Gmart International Foods, a five-store supermarket chain with two Maryland locations, will open in the next 60 days in the former Santoni’s Super Market site in Highlandtown, the shopping center’s landlord said Monday.
Gmart signed a long-term lease on the 27,000-square-foot space last week, said Michael Jacoby, CEO of Bethesda-based Broad Street Realty, which leased the space. The center also has a Rite Aid and a Dollar Tree, and a Subway will open soon.
“We think they are a good tenant for that community,” Jacoby said. “They cater to a wide audience and carry a wide variety of products not found in a traditional grocer.”
Gmart is known for having extensive produce and fruit departments and for stocking foods that cater to Hispanic and Asian customers.
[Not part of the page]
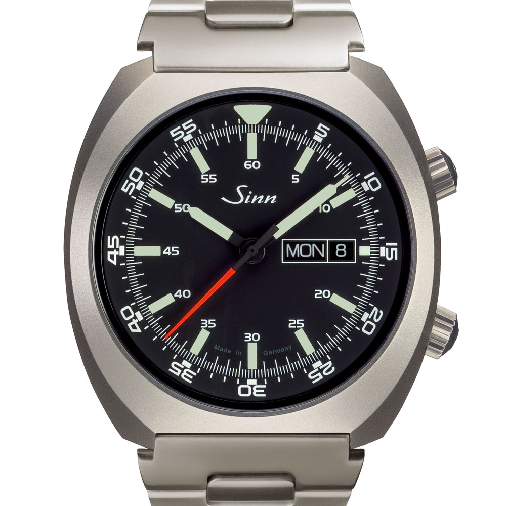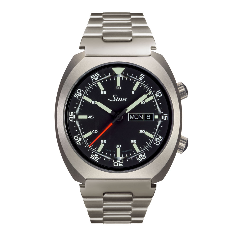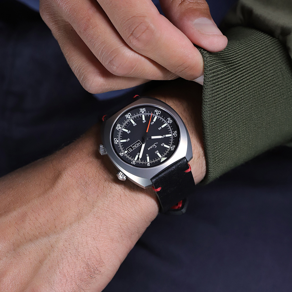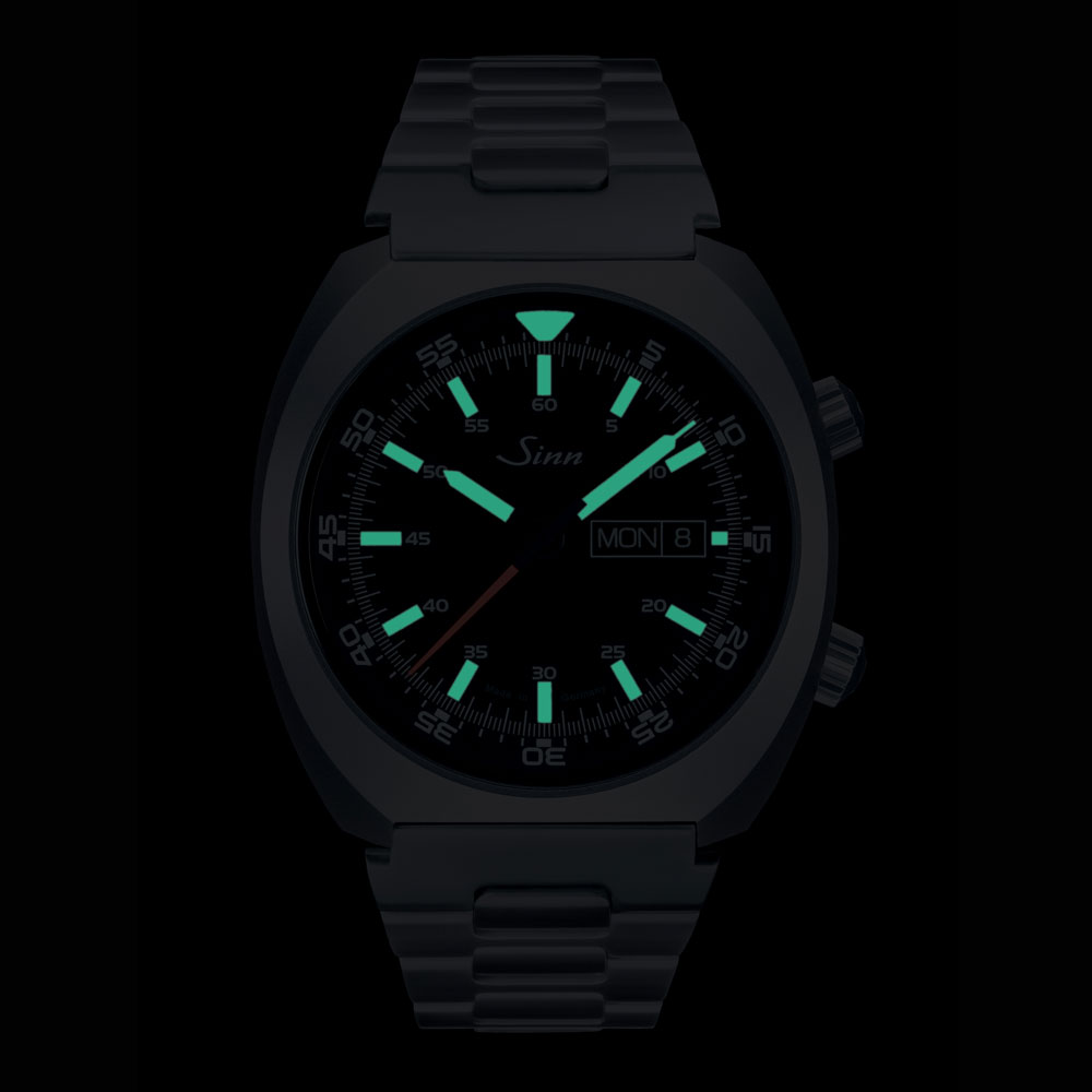 240.STはジンのスペースクロノグラフ140の三針モデルに位置付けられます。その特徴は、主な機能性と高い視認性に尽きます。伝統的なスタイルをもとにしたクラシックなデザインと直径43mmの時計ケースを備えたこのモデルは、ジンの腕時計とはっきりわかる特徴――すなわちシンプルな見やすさを最優先するスタイルを持っています。夜光処理を施した時・分針とインデックスで暗所でさえも完璧な視認性があり、日付表示およびドイツ語と英語表記を選択できる曜日表示も搭載。サンドマット仕上げの鈍い光沢を持った堅牢なフォルムでありながら、回転ベゼルをインナー式にすることでスマートなスタイルを実現した、高い視認性と正確な刻時機能を誇るスポーツウォッチです。

Gmart’s website says the store will open in February and workers were in the store cleaning on Monday.
Officials for the grocer did not respond Monday to requests for comment, and other Gmart store managers had no comment.
Although a banner out front announced Gmart’s arrival earlier this month, Jacoby said then he had not yet signed a lease with the chain. At the time, he said he had negotiations with four or five national, regional and small grocery operators.
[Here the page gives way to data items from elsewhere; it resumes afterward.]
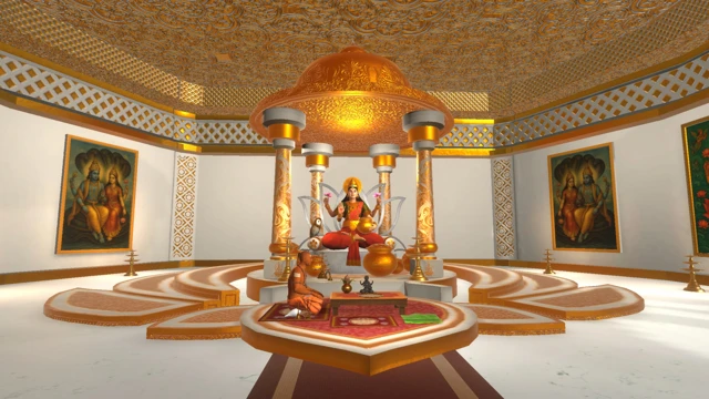 The temple is designed in a semi-realistic visual style inspired by classical Indian architecture with a calm, devotional atmosphere. You are free to explore the temple space at your own pace and observe the surroundings. Soft ambient background music supports the experience without overpowering the chants, creating a soothing mood.
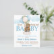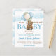 Chá de fraldas de ursinho de peluche esperando ursinho bonitinho com balões orçando modelo de Convite, ursinho em uma jaqueta e calças com vários balões e nuvens cores azul e castanho muda.
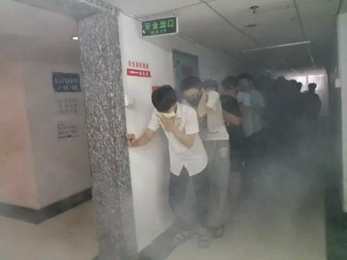 为保障学生安全,消防演练开始前,我校老师与演练教练多次进行细节上的沟通。消防演练开始后,烟雾弥漫,学生在安全责任教师的指导下用湿毛巾捂住口、鼻,手扶着墙壁,低身下楼。所有班主任老师在全部学生离开后,仔细检查所有房间最后离开,等到所有学生到达安全集合地点后,班主任清点学生人数,确保每位学生的安全。
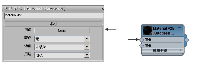 可贴图 Base Hardwood 组件(左侧)显示为材质节点中的 Base Hardwood 窗口(右侧)。

Santoni’s, which had 80 employees and 12 years left on its lease when it closed in October, had built a loyal customer base in Southeast Baltimore over 83 years in business. Owner Rob N. Santoni Jr. had said that a citywide bottle tax enacted last year by Baltimore had hurt the longtime retailer and was the “the sole reason” for the loss of business leading to the shutdown.
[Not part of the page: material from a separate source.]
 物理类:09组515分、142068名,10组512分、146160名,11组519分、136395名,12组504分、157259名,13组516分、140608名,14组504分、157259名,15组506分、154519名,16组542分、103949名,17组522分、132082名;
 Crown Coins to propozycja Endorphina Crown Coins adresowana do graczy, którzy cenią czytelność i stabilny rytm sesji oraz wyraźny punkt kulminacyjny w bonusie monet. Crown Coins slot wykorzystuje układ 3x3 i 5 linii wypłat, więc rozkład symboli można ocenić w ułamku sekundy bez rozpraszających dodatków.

Gmart, a small but growing operator, is a relative newcomer, having opened its first store in 2012 in Atlanta.
One retail consultant Monday wondered how receptive the Highlandtown neighborhood would be to the largely unknown chain. Its product mix could help attract customers in the diverse neighborhood, said Jeremy Diamond, a director of the Diamond Marketing Group.
But it will take time and effort to build up a following, he said.
“Being from the area carries a lot of weight,” Diamond said. “Shoppers want to feel like the owner cares and knows them and will cater to what they want. Just because it will be in the Santoni’s spot doesn’t mean the neighborhood will flock there.”
Diamond said he recently visited the new Gmart in Frederick and thought it lacked anything “special or different.”
But the chain appears to be successful in finding strong locations for stores, he said.
Gmart stores opened last year in Virginia Beach, Va., Clinton and Frederick and this month in Fairfax, according to the chain's website. And the website shows four more supermarkets are planned, including one in Alexandria, Va., and others in Alabama and Florida.